アクチビン阻害剤が、ＴＧＦ−βアンタゴニスト、ＡＰ−１阻害剤、ｃＡＭＰ応答エレメント結合（ＣＲＥＢ）タンパク質の阻害剤またはプロスタグランジンＥ２（ＰＧＥ２）の阻害剤である、請求項１４または１５に記載のプロトコール。
ＴＧＦ−βアンタゴニストが、ＴＧＦ−β１、２または３アンタゴニストである、請求項１６に記載のプロトコール。
ＴＧＦ−βアンタゴニストが、フォリスタチン、ＰＢ−０１、あるいはＡＰ−１阻害剤またはこの機能性バリアントもしくはアイソフォームである、請求項１６または１７に記載のプロトコール。
抗アンドロゲン剤、抗菌剤、抗ウイルス剤、抗生剤、インスリン、麻酔剤またはエストロゲンを投与するステップをさらに含む、請求項１４〜１８のいずれか一項に記載のプロトコール。
抗アンドロゲンが、抗テストステロンである、請求項１９に記載の方法。
異常瘢痕形成のリスクを有すると思われる対象内またはこの対象上の、線維性症状または炎症性症状と関連する異常瘢痕形成の治療または予防における医薬の製造における、請求項１〜１３のいずれか一項に記載のプロトコールに基づく、アクチビン阻害剤の使用。

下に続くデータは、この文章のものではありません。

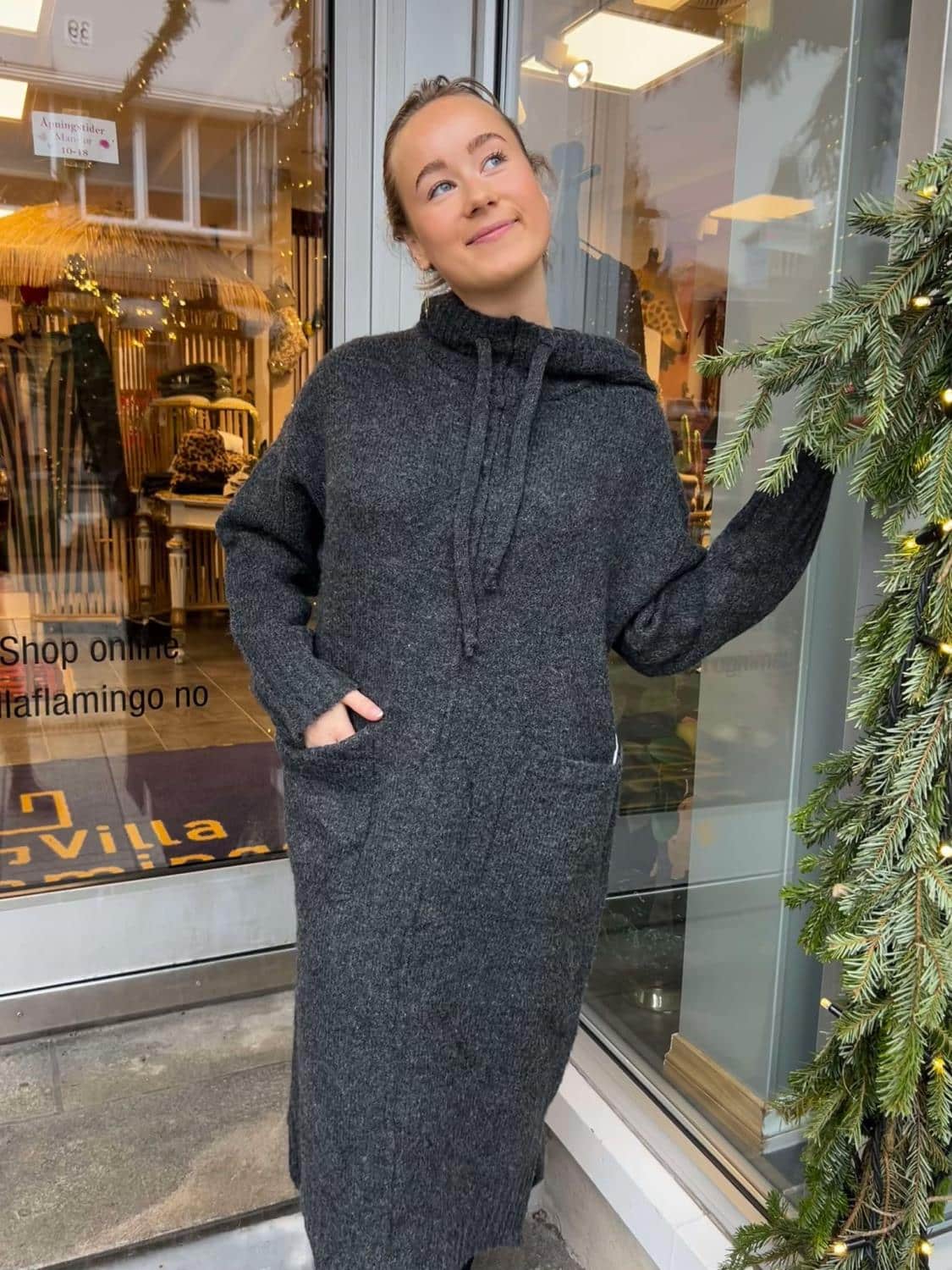 Behagelig kjole i deilig og myk kvalitet. Hetten har gjennomgående snøring. 2 dype front lommer. Svak ribbekant på ermer og nederst på kjolen. Er i en OneSize. Passer fra en 36- 44.
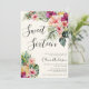 Um moderno modelo de 16 convites tropicais para uma festa temática de verão. Essa tendência convida a apresentar flores de hibisco de aquarela, florais de plumeria, folhas de palma e abacaxi.
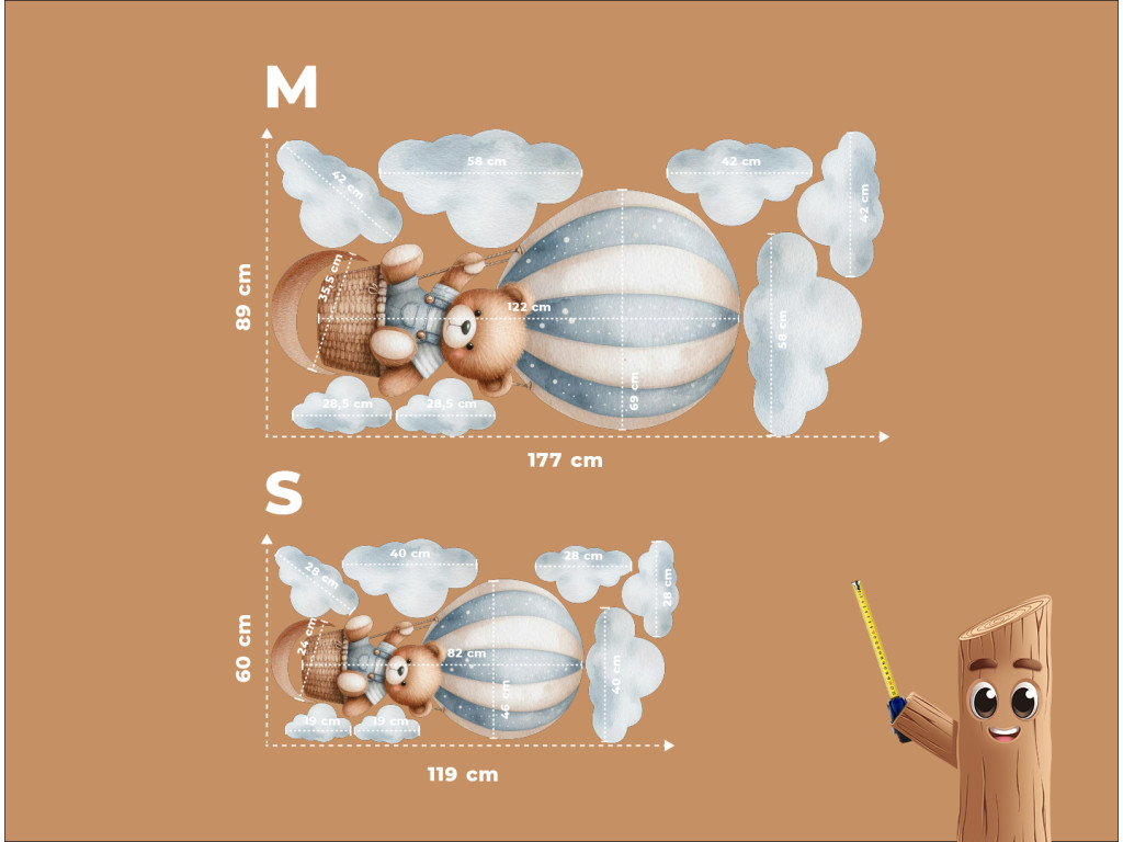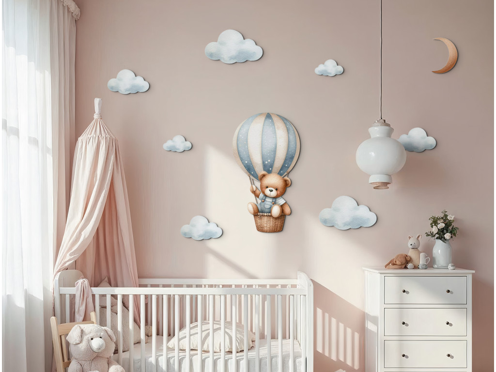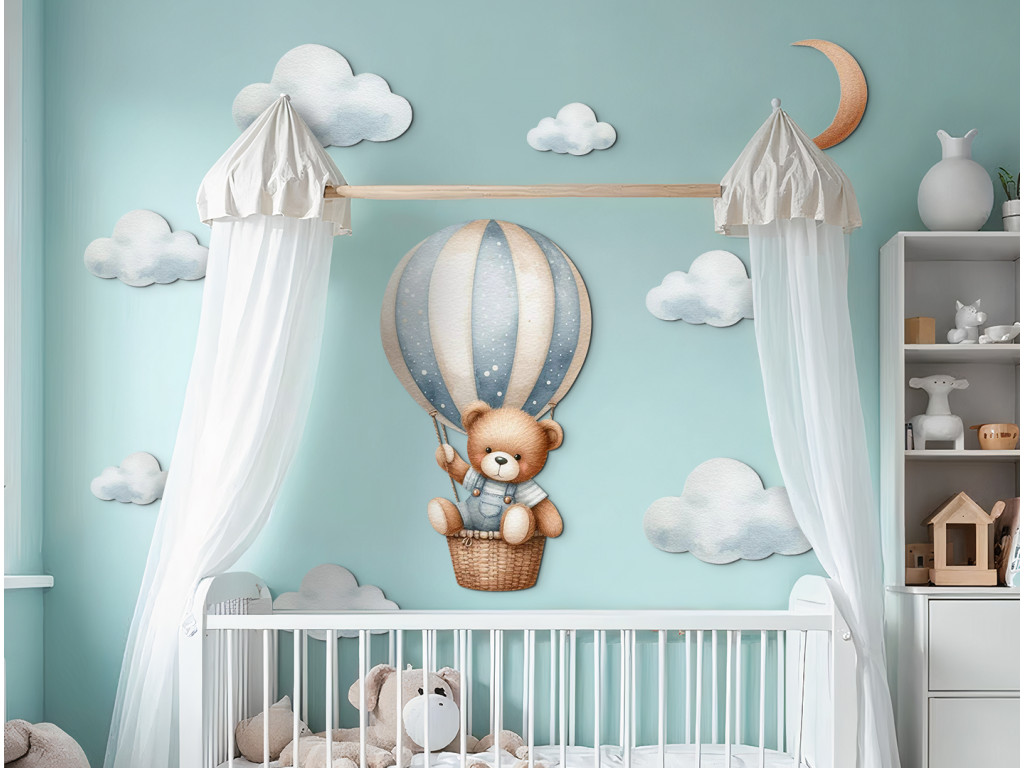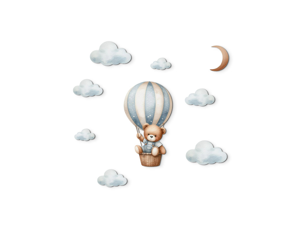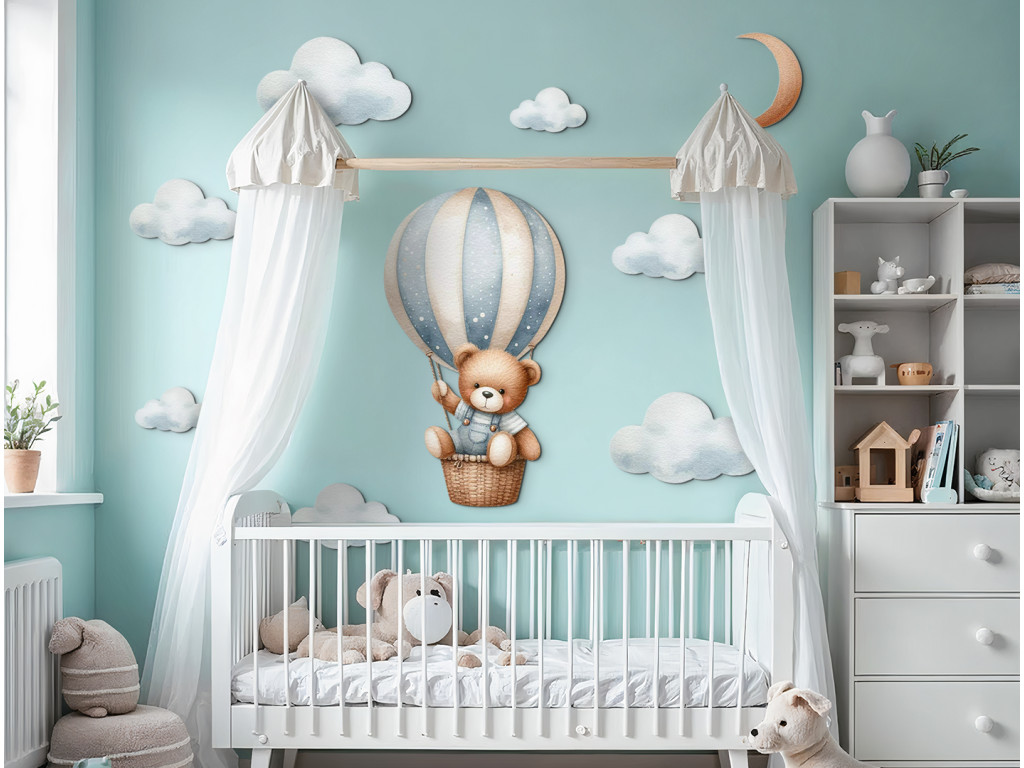 Ein niedlicher Bär schwebt in einem Heißluftballon über den Wolken. Diese zarte Illustration bringt Ruhe, Zärtlichkeit und den Zauber der Träume in das Kinderzimmer. Ein ideales Bild oder ein idealer Aufkleber für kleine Träumer.

異常瘢痕形成のリスクを有すると思われる対象内またはこの対象上の、線維性症状またはこれと関連する炎症性症状の局所治療における、請求項１〜１３のいずれか一項に記載のプロトコールに基づく使用のためのアクチビン阻害剤。
線維性症状または炎症性症状が、皮膚の症状である、請求項２１に記載の使用、または請求項２２に記載のアクチビン阻害剤。
線維性症状または炎症性症状が、内部的創傷における症状である、請求項２１に記載の使用、または請求項２２に記載のアクチビン阻害剤。
内部的創傷が、腸または尿路の周囲に存在する、請求項２１に記載の使用、または請求項２２に記載のアクチビン阻害剤。
線維性症状が、ケロイドである、請求項２１に記載の使用、または請求項２２に記載のアクチビン阻害剤。
線維性症状が、デュピュイトラン病、乾癬、強皮症、湿疹、肥厚性瘢痕、熱傷、日光皮膚炎、黒色腫もしくは他のがん、カテーテル法を行った部位、または生検を行った部位であるか、またはそれにより増悪するものである、請求項２１に記載の使用、または請求項２２に記載のアクチビン阻害剤。
対象が、ヒトである、請求項２１に記載の使用、または請求項２２に記載のアクチビン阻害剤。